GIVEN INFORMATION:

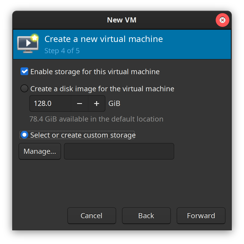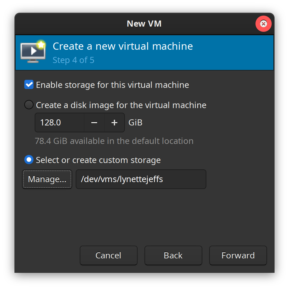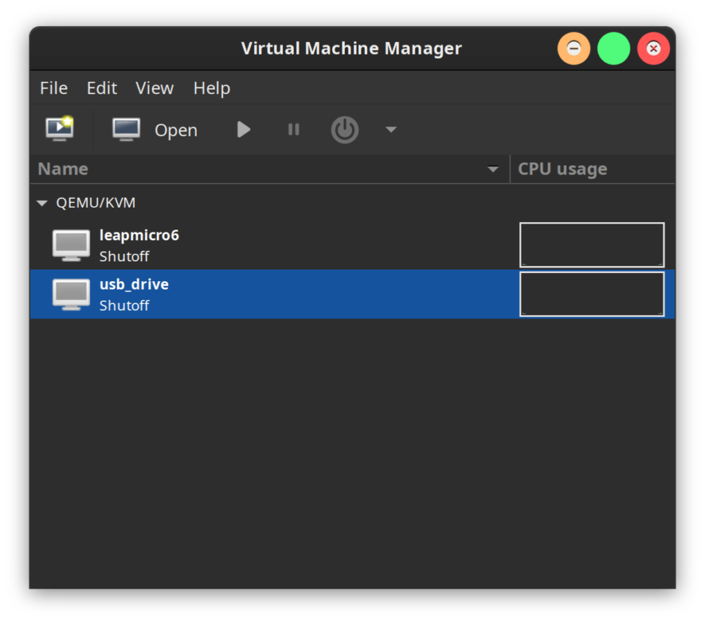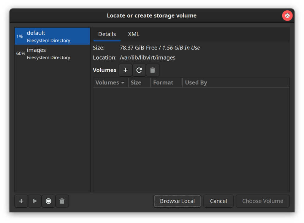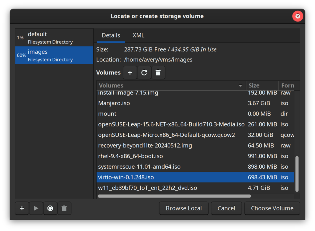 But we’ll want to use the entire multi-partition volume for our new VM. To use it start up virt-manager:
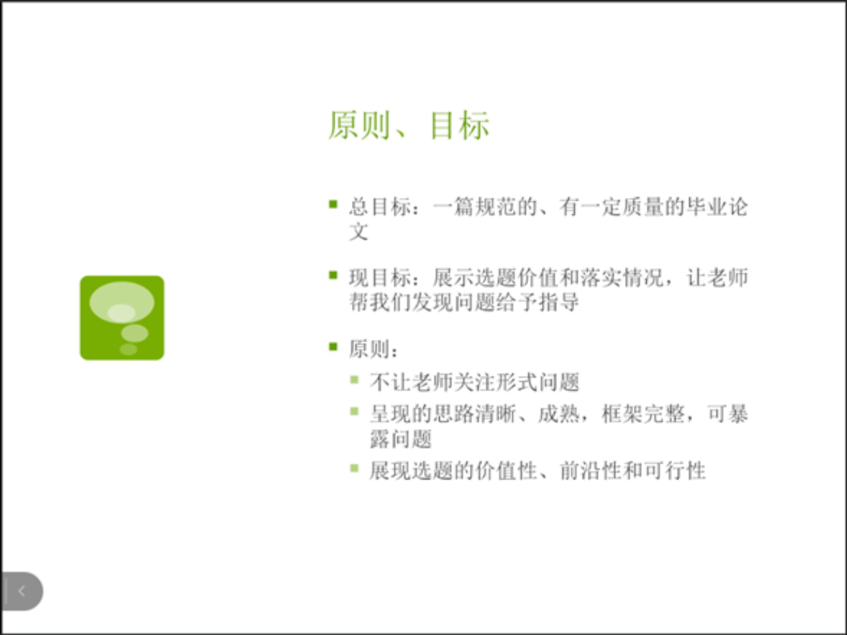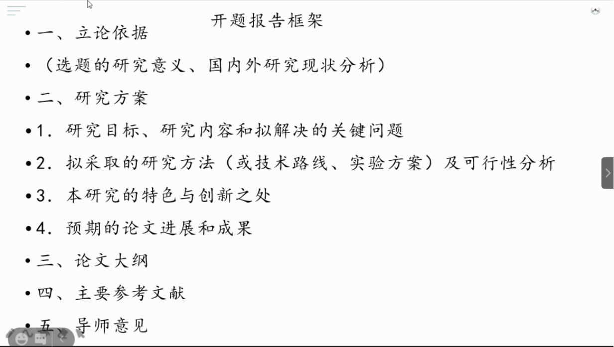 肖慧敏师姐在开篇中指出,开题报告实质是对自己现阶段研究的落实情况的一个汇报,有别于毕业论文,但与毕业论文的质量直接相关。随后,从目标原则、如何准备开题、如何撰写开题报告三个方面进行了分享。师姐在分享中提出很多创见,例如:在第一部分中指出开题报告是寻求老师指导的重要时机,因此应当在形式、思路上不出错,才能获取更多有价值的帮助;在第二部分中指出选题是一个贯穿整个论文撰写的过程,会在写作研究中不断调整;在第三部分中指出实证性研究的开题从研究方案切入比较高效,文献综述撰写应当将答辩老师定位为读者、注重导向自己的研究等。
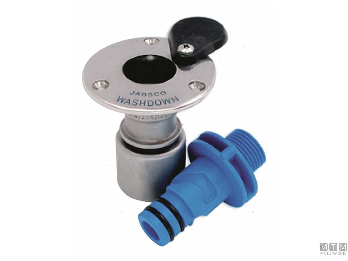 Attacco rapido da ponte in Acciaio Inox 316 con innesto per tubo acqua. Permette di attaccare e staccare rapidamente il tubo acqua anche sotto pressione mantenendo il ponte libero da ostacoli. Connessioni: sotto coperta attacco da 1/2" femmina, sopra coperta attacco da 3/4" maschio.
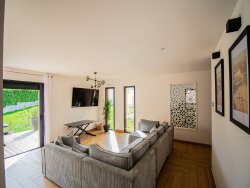 Située dans une impasse au calme, dans un quartier familial, cette belle maison contemporaine construite en 2021 vous séduira par son confort, sa luminosité et sa fonctionnalité. Au rez-de-chaussée, vous découvrirez une vaste pièce de vie lumineuse, ouverte sur le jardin grâce à une baie vitrée à galandage, idéale pour profiter des beaux jours. La cuisine, moderne et dinatoire est ouverte sur l'espace de vie et entièrement aménagée et équipée. Une suite parentale complète ce niveau, avec dressing et salle d'eau privative, offrant un espace nuit confortable et indépendant. Vous y trouverez également un second salon, parfait pour une salle TV, un bureau ou un espace détente selon vos envies. À l'étage, la maison dispose de trois chambres spacieuses avec rangements et d'une salle de bain avec baignoire, parfaitement adaptée à la vie de famille. Cette maison propose de belles prestations : chauffage au sol, excellente performance énergétique, et matériaux de qualité. Le tout est implanté sur un terrain au calme, à proximité des écoles, commerces et commodités. Une lingerie ainsi qu'un garage et plusieurs placs de stationnement sur la propritéé complétent les prestations de cette maison. SAS REVO IMMO - GUIGNARD Adeline EI - O643 127 416 - Plus d'informations sur www.revo.immo (réf. 4901051000). Agent commercial RSAC ANGERS 877 559 526 - Honoraires : 4,10 % TTC à la charge de l'acquéreur Prix hors honoraires d'agence : 390 000 - Les informations sur les risques auxquels ce bien est exposé sont disponibles sur le site Géorisques : https://www.georisques.gouv.fr/.

WHAT TO WORK ON: Retype all of the material above exactly; the pictures stay out.

RESULT OF THE TASK:
 But we’ll want to use the entire multi-partition volume for our new VM. To use it start up virt-manager:
 肖慧敏师姐在开篇中指出,开题报告实质是对自己现阶段研究的落实情况的一个汇报,有别于毕业论文,但与毕业论文的质量直接相关。随后,从目标原则、如何准备开题、如何撰写开题报告三个方面进行了分享。师姐在分享中提出很多创见,例如:在第一部分中指出开题报告是寻求老师指导的重要时机,因此应当在形式、思路上不出错,才能获取更多有价值的帮助;在第二部分中指出选题是一个贯穿整个论文撰写的过程,会在写作研究中不断调整;在第三部分中指出实证性研究的开题从研究方案切入比较高效,文献综述撰写应当将答辩老师定位为读者、注重导向自己的研究等。
 Attacco rapido da ponte in Acciaio Inox 316 con innesto per tubo acqua. Permette di attaccare e staccare rapidamente il tubo acqua anche sotto pressione mantenendo il ponte libero da ostacoli. Connessioni: sotto coperta attacco da 1/2" femmina, sopra coperta attacco da 3/4" maschio.
 Située dans une impasse au calme, dans un quartier familial, cette belle maison contemporaine construite en 2021 vous séduira par son confort, sa luminosité et sa fonctionnalité. Au rez-de-chaussée, vous découvrirez une vaste pièce de vie lumineuse, ouverte sur le jardin grâce à une baie vitrée à galandage, idéale pour profiter des beaux jours. La cuisine, moderne et dinatoire est ouverte sur l'espace de vie et entièrement aménagée et équipée. Une suite parentale complète ce niveau, avec dressing et salle d'eau privative, offrant un espace nuit confortable et indépendant. Vous y trouverez également un second salon, parfait pour une salle TV, un bureau ou un espace détente selon vos envies. À l'étage, la maison dispose de trois chambres spacieuses avec rangements et d'une salle de bain avec baignoire, parfaitement adaptée à la vie de famille. Cette maison propose de belles prestations : chauffage au sol, excellente performance énergétique, et matériaux de qualité. Le tout est implanté sur un terrain au calme, à proximité des écoles, commerces et commodités. Une lingerie ainsi qu'un garage et plusieurs placs de stationnement sur la propritéé complétent les prestations de cette maison. SAS REVO IMMO - GUIGNARD Adeline EI - O643 127 416 - Plus d'informations sur www.revo.immo (réf. 4901051000). Agent commercial RSAC ANGERS 877 559 526 - Honoraires : 4,10 % TTC à la charge de l'acquéreur Prix hors honoraires d'agence : 390 000 - Les informations sur les risques auxquels ce bien est exposé sont disponibles sur le site Géorisques : https://www.georisques.gouv.fr/.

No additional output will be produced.